BEGIN RECORDED INFORMATION

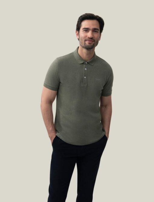 Maak kennis met de Bavone Polo, een tijdloze en veelzijdige keuze voor je garderobe in het voorjaar en de zomer van 2025. Deze polo in een midgroen melange kleur is ideaal voor diverse gelegenheden. Gemaakt van hoogwaardig organisch katoen met een vleugje elastaan, biedt de Bavone Polo zowel comfort als flexibiliteit. De melange garens creëren een subtiele textuur, terwijl het ton-sur-ton logo zorgt voor een minimalistische uitstraling. Met de regular fit pasvorm biedt deze polo het perfecte comfort voor elke gelegenheid.
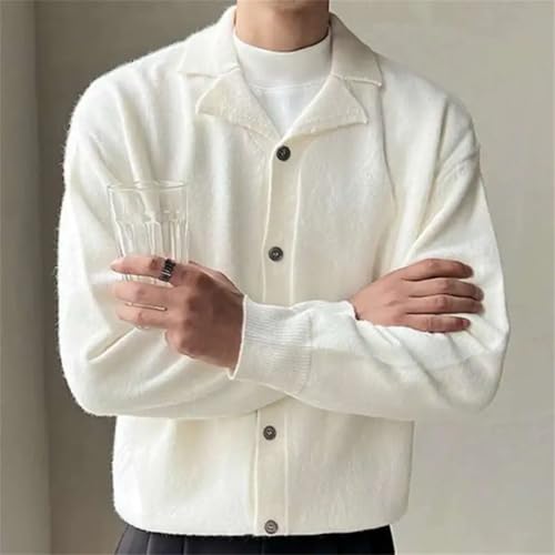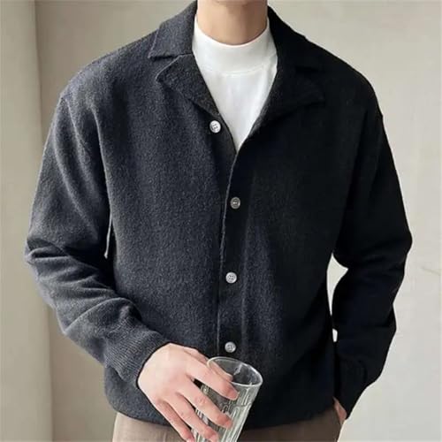 HOT ! Men's Lapel Cardigan Knitted Solid Color Sweater Warm Single-Breasted Cardigan Sweater
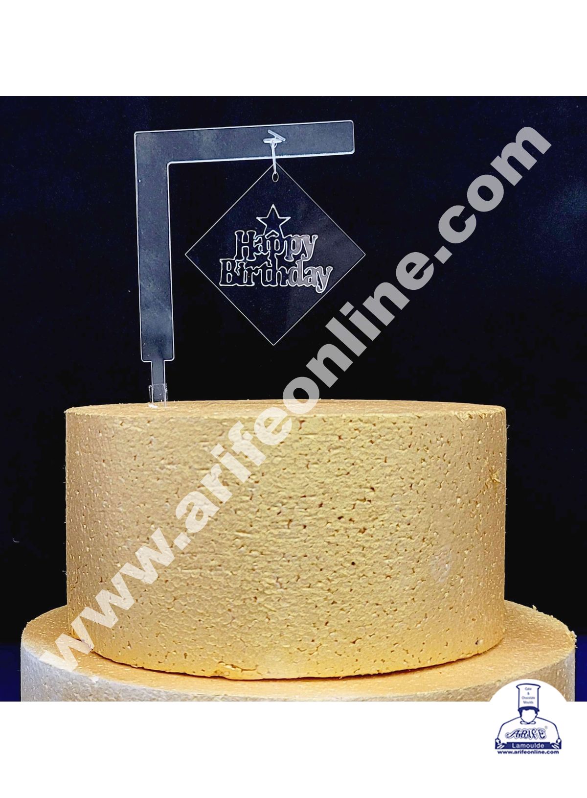 Cake Decor Exclusive Acrylic Hanging Cake Topper – Square Happy Birthday With Star Silver
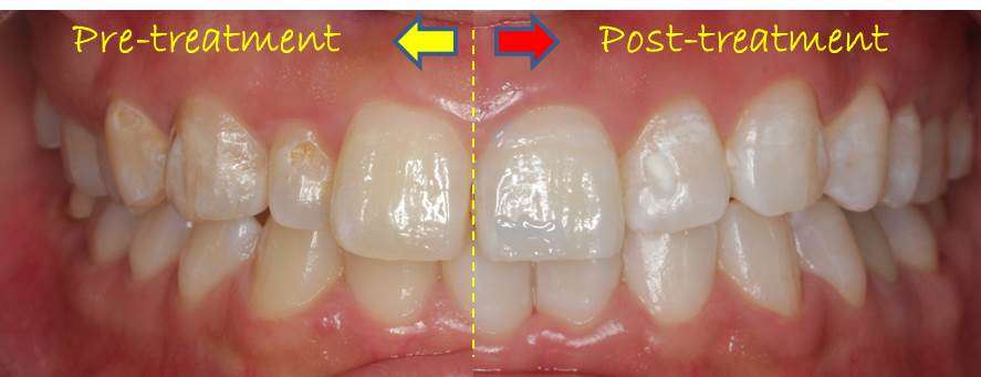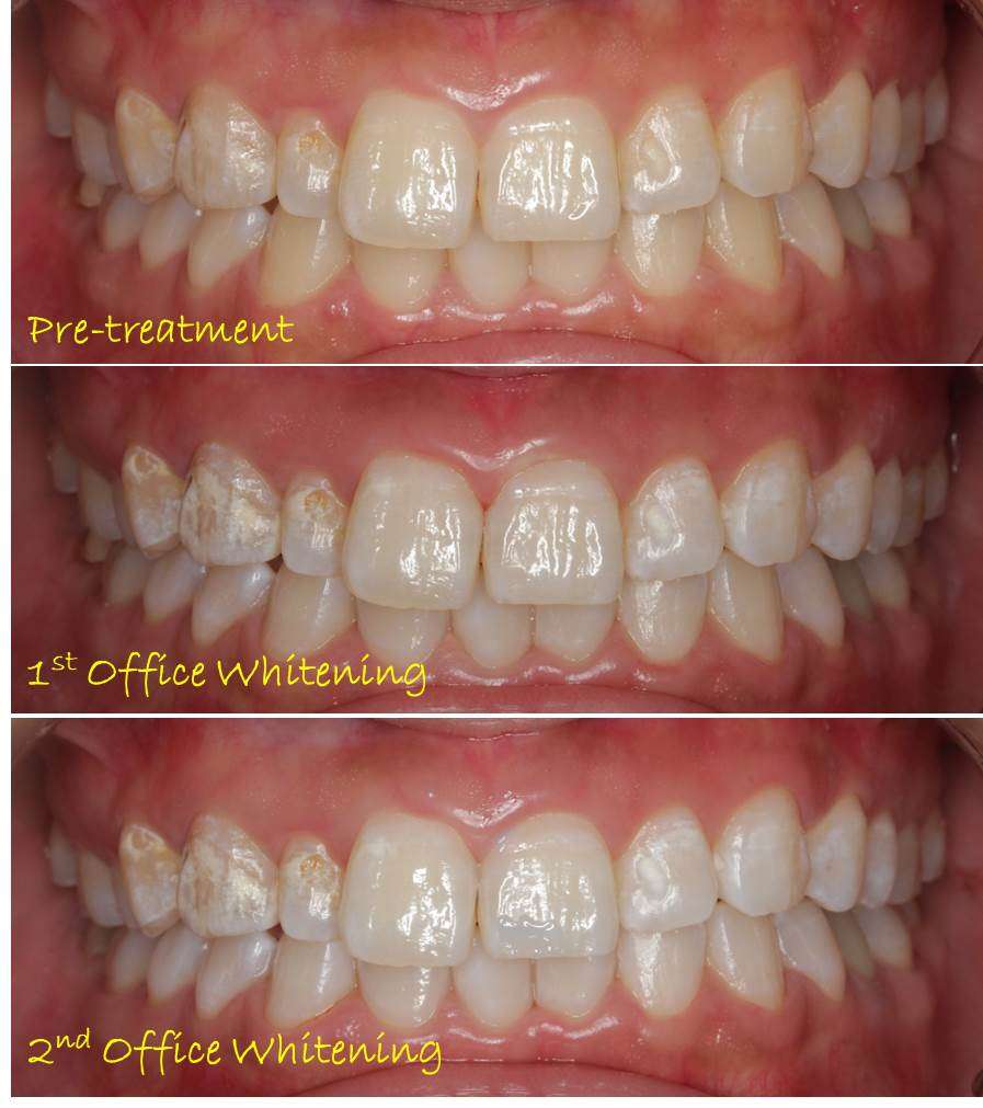 流山の歯科医院で「オフィス ホワイトニング」治療が対応可能な歯科医院です。 2021/09/23 流山の歯科医院で「オフィス ホワイトニング」により効果的に歯を白くする治療が受けられます。 削らずに歯を白くする唯一の方法です。 「削らずに歯を白くしたい」というご要望が多くなってきています。歯を削らずにご自身の歯を白くする唯一の方法は、「ホワイトニング」という治療方法です。自宅でマウスピースに薬液を入れて一日数時間を連続で数日の間装着することで歯を白くする「ホーム ホワイトニング」と、歯科医院にて専用の機械を用いて1.5時間程度かけて行なう「オフィス ホワイトニング」があります。一般的にはオフィスホワイトニングの方が美白(漂白)効果が大きく、評判が良いようです。 画像は上の段から術前・1回目・2回目の写真です。殆どの方が2回施術することで、目的の明るさや白さに変わるようです。 正中で画像を二分して、歯の色の変化を見やすくしています。 「削らずに歯を白くしたい」という方は是非、グランツ歯科クリニックまでご相談ください。 アクセスはこちら

END RECORDED INFORMATION

* _YOUR GOAL_: Set the whole listing down again unchanged, apart from the pictures, which are omitted.

* _FINISHED TASK_:
 Maak kennis met de Bavone Polo, een tijdloze en veelzijdige keuze voor je garderobe in het voorjaar en de zomer van 2025. Deze polo in een midgroen melange kleur is ideaal voor diverse gelegenheden. Gemaakt van hoogwaardig organisch katoen met een vleugje elastaan, biedt de Bavone Polo zowel comfort als flexibiliteit. De melange garens creëren een subtiele textuur, terwijl het ton-sur-ton logo zorgt voor een minimalistische uitstraling. Met de regular fit pasvorm biedt deze polo het perfecte comfort voor elke gelegenheid.
 HOT ! Men's Lapel Cardigan Knitted Solid Color Sweater Warm Single-Breasted Cardigan Sweater
 Cake Decor Exclusive Acrylic Hanging Cake Topper – Square Happy Birthday With Star Silver
 流山の歯科医院で「オフィス ホワイトニング」治療が対応可能な歯科医院です。 2021/09/23 流山の歯科医院で「オフィス ホワイトニング」により効果的に歯を白くする治療が受けられます。 削らずに歯を白くする唯一の方法です。 「削らずに歯を白くしたい」というご要望が多くなってきています。歯を削らずにご自身の歯を白くする唯一の方法は、「ホワイトニング」という治療方法です。自宅でマウスピースに薬液を入れて一日数時間を連続で数日の間装着することで歯を白くする「ホーム ホワイトニング」と、歯科医院にて専用の機械を用いて1.5時間程度かけて行なう「オフィス ホワイトニング」があります。一般的にはオフィスホワイトニングの方が美白(漂白)効果が大きく、評判が良いようです。 画像は上の段から術前・1回目・2回目の写真です。殆どの方が2回施術することで、目的の明るさや白さに変わるようです。 正中で画像を二分して、歯の色の変化を見やすくしています。 「削らずに歯を白くしたい」という方は是非、グランツ歯科クリニックまでご相談ください。 アクセスはこちら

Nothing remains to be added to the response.